= Dura Navis =

Poem written by Samuel Taylor Coleridge

"Dura Navis" was composed by Samuel Taylor Coleridge in 1787. It is one of his earliest known poems and was written for a school assignment while Coleridge attended Christ's Hospital. The poem describes the pain of solitude that accompanies travel and the risks that accompany a voyage at sea, including combat against others and resorting to cannibalism.

==Background==
"Dura Navis", along with "Easter Holidays" and "Niul Pejus est Caelibe Vita", is one of Coleridge's earliest known poems. "Dura Navis" was written for an exercise while Coleridge attended Christ's Hospital at the age of 15. Of this exercise Coleridge wrote in a note to the poem:
I well remember old Jemmy Bowyer, the plagose Orbilius of Christ's Hospital, but an admirable Educer no less than Educator of the Intellect, bad me leave out as many epithets as would turn the whole into 8-syllable Lines,-and then asked myself if the Exercise would not be greatly improved. How often have I thought of this proposal since then-and how many thousand bloated and puffing lines have I read that by this process would have tripped over the tongues excellently. Likewise I remember that he told me on the same occasion—'Coleridge! the connections of a Declamation are not the transitions of Poetry—bad, however, as they are, they are better than "Apostrophes" and "O thou's," for at the worst they are something like common sense. The others are the grimaces of Lunacy'.

==Poem==
The poem begins by describing a voyage, an image connected to his own separation from home:

To tempt the dangerous deep, too venturous youth,
Why does thy breast with fondest wishes glow?
No tender parent there thy cares shall sooth,
No much-lov'd Friend shall share thy every woe.
Why does thy mind with hopes delusive burn?
Vain are thy Schemes by heated Fancy plann'd:
Thy promis'd joy thou'lt see to Sorrow turn
Exil'd from Bliss, and from thy native land.

— lines 1–8

Then the poem portrays the emergence of the moon:

Whilst total darkness overspreads the skies;
Save when the lightnings darting wingéd Fate
Quick bursting from the pitchy clouds between
In forkéd Terror, and destructive state
Shall shew with double gloom the horrid scene?

— lines 12-16

Eventually, the traveller becomes involved with a battle at sea:

Yet not the Tempest, or the Whirlwind's roar
Equal the horrors of a Naval Fight,
When thundering Cannons spread a sea of Gore
And varied deaths now fire and now affright:
The impatient shout, that longs for closer war,
Reaches from either side the distant shores;
Whilst frighten'd at His streams ensanguin'd far
Loud on his troubled bed huge Ocean roars.

— lines 25-32

As the poem continues, the narrator puts forth the idea that if the traveller survives, there is also the threat of having to resort to cannibalism:

Should'st thou escape the fury of that day
A fate more cruel still, unhappy, view.
Opposing winds may stop thy luckless way,
And spread fell famine through the suffering crew,
Canst thou endure th' extreme of raging Thirst
Which soon may scorch thy throat, ah! thoughtless Youth!
Or ravening hunger canst thou bear which erst
On its own flesh hath fix'd the deadly tooth?

— lines 41-48

==Themes==
The poem describes many images that appear throughout Coleridge's early works. The emergence of the moon in a baroque manner, and this image reappears in his poem "To the Autumnal Moon" and in his "The Nightingale". In terms of themes, "Dura Navis", like Coleridge's other early poems, incorporates a Plotinus-like view that people should live more simply and control their passions and desires.
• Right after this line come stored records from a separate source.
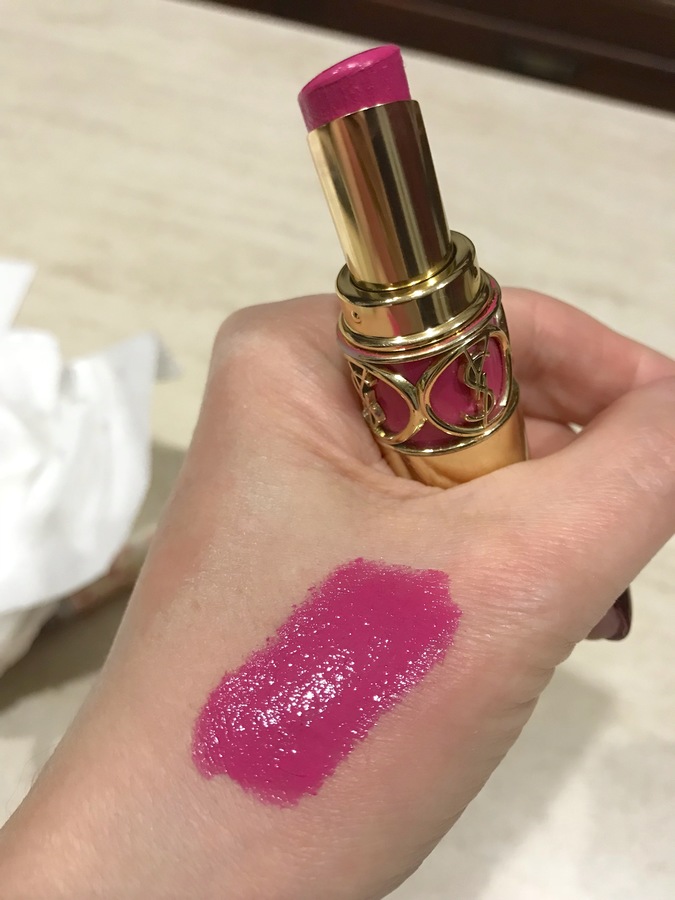 И "старинка" для любителей фуксии ( и в платках в том числе): нежно-розовая фуксия YSL,помада для губ ROUGE VOLUPTE, номер 10 ( снята с производства, но еще можно встретить в магазинах).
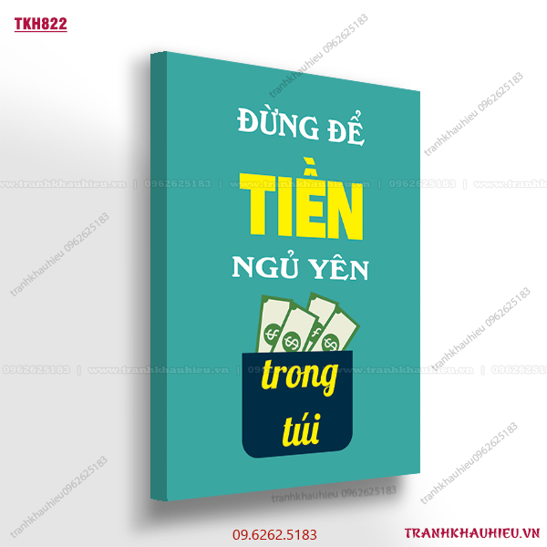 Tranh khẩu hiệu ”Đừng để tiền ngủ yên trong túi” tạo động lực làm việc cực hiệu quả dành cho văn phòng bất động sản, sales, bán hàng, kinh doanh, trang trí văn phòng, truyền cảm hứng làm việc.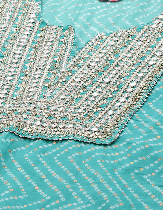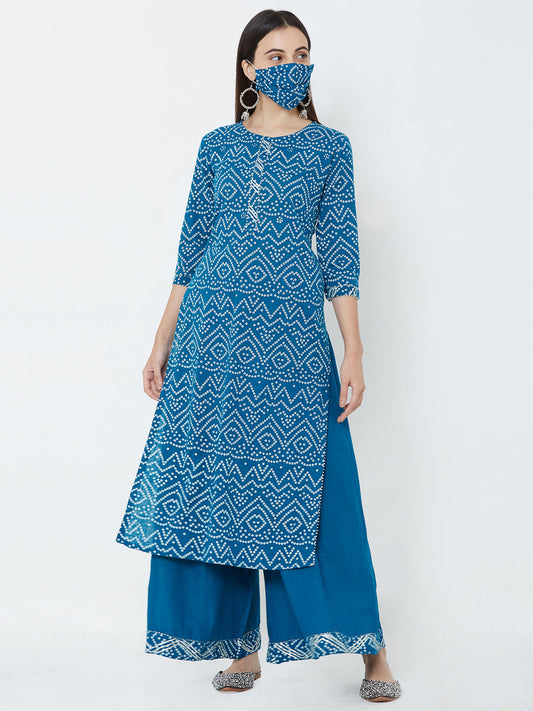Bandhani printed Kurta, solid palazzo with mask - Turquoise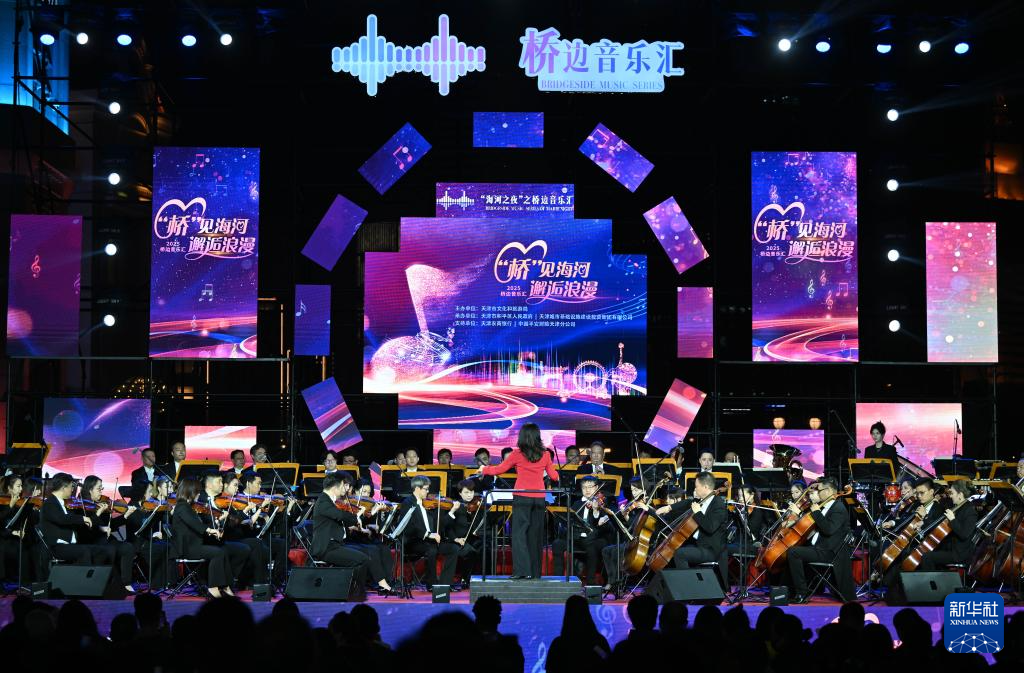 4月19日晚,“‘桥’见海河,邂逅浪漫”2025桥边音乐汇首场演出在天津津湾广场亲水平台启幕。
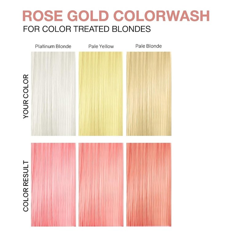 Le Shampoing nettoyant et colorant semi-permanent Viral Colorwash dépose un pigment de couleur Pastel Rose Gold sur des cheveux pré-éclaircis et blond clair pour créer une nouvelle couleur, maintenir ou rafraîchir la couleur.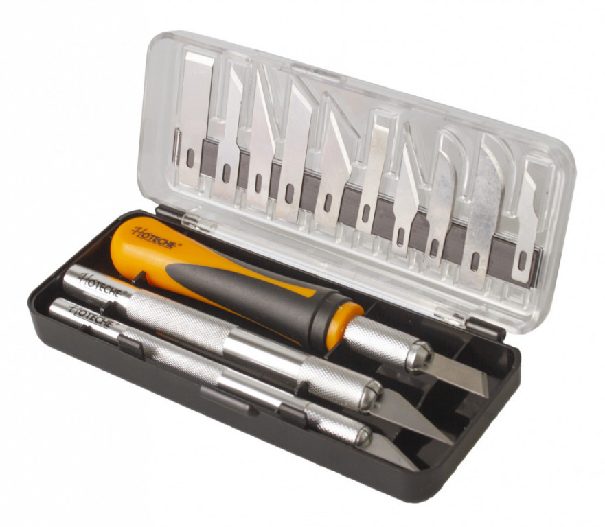Sada skalpelů od značky Hoteche by neměla chybět v žádné garáži nebo dílně. Tato sada najde uplatnění například v modelářství, nebo řezbářství.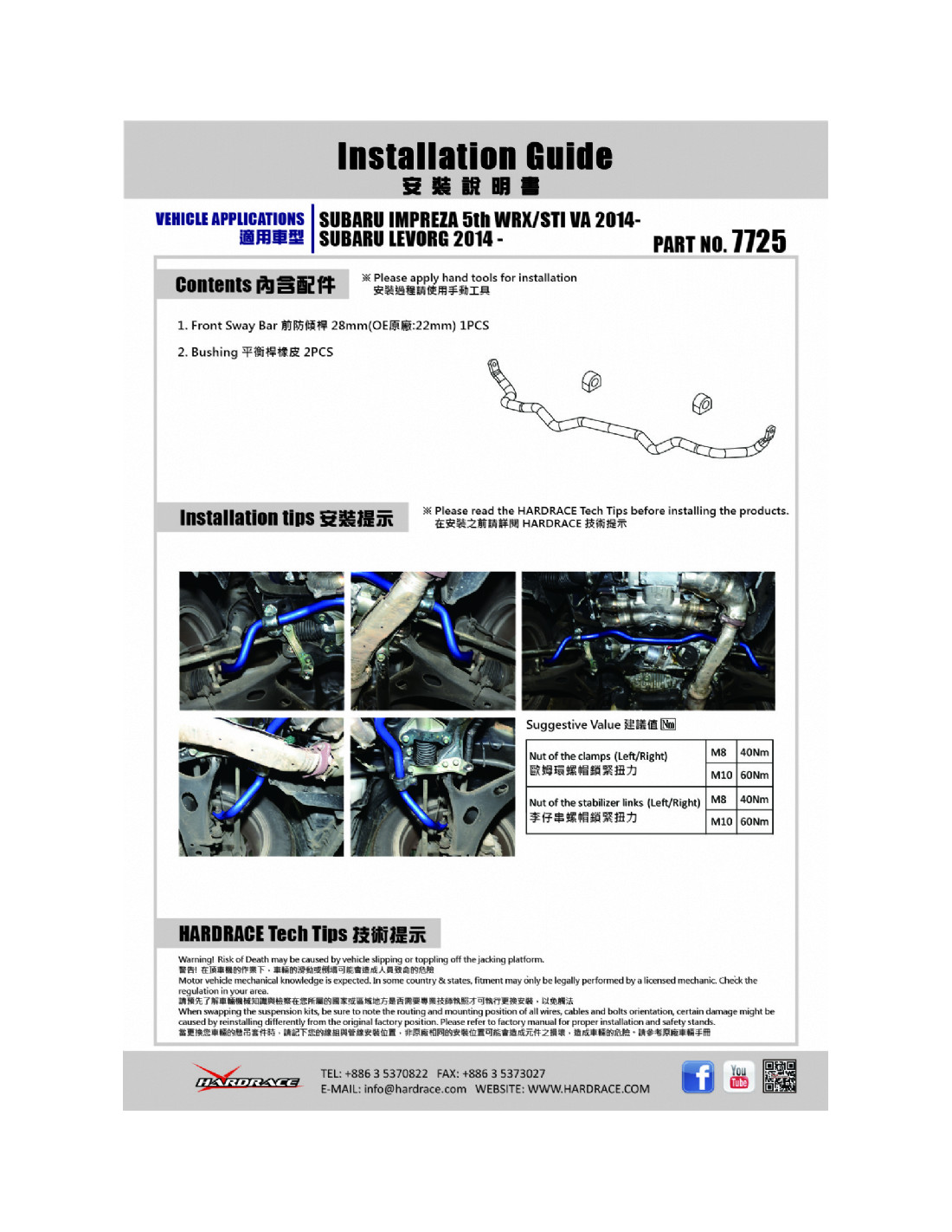 Hardrace Stabilizer Bar for Subaru Levorg, WRX. Ideal for improving driving precision, ride stability and steering response. Manufacturer's Specifications : - 28mm 3 PCS/SET *** For WRX FA Engine Use Only *** Not for STI EJ25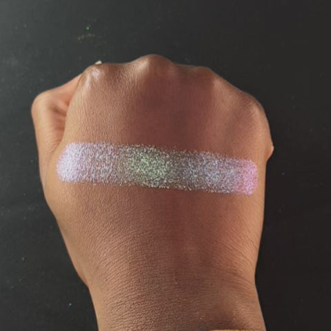 Trichrome with a sparkly metallic finish, that shifts green, blue, plum.

"Dura Navis" is dominated by the image of a voyage that is possibly a reference to Frank Coleridge, Coleridge's brother and a sailor. Although Frank left home at the age of 11, there are parallels to Coleridge's own life and his loneliness at Christ's Hospital. To Coleridge, travel is related to the idea of solitude and of travel found within many of his early works and later in his Rime of the Ancient Mariner. Coleridge was to later emphasises the need of companionship to overcome the loneliness of life.

==Critical response==
An article in late 19th-century The University Magazine and Free Review attributed the failure of Coleridge's early poetry to his education. Boyer did teach the students literature and emphasised simplicity within poetry as Coleridge's account of Boyer's correcting of "Dura Navis". However, "It was still the day of mechanical scansion and didactic appreciation" and the education "did not then include Spenser; and not from Boyer would a pupil learn the magic of Milton's and Shakespere's rhythms." A few years later, Walter De la Mare said he believed that the "best line" in the poem "would have been ruined had Coleridge taken" the advice of his schoolmaster.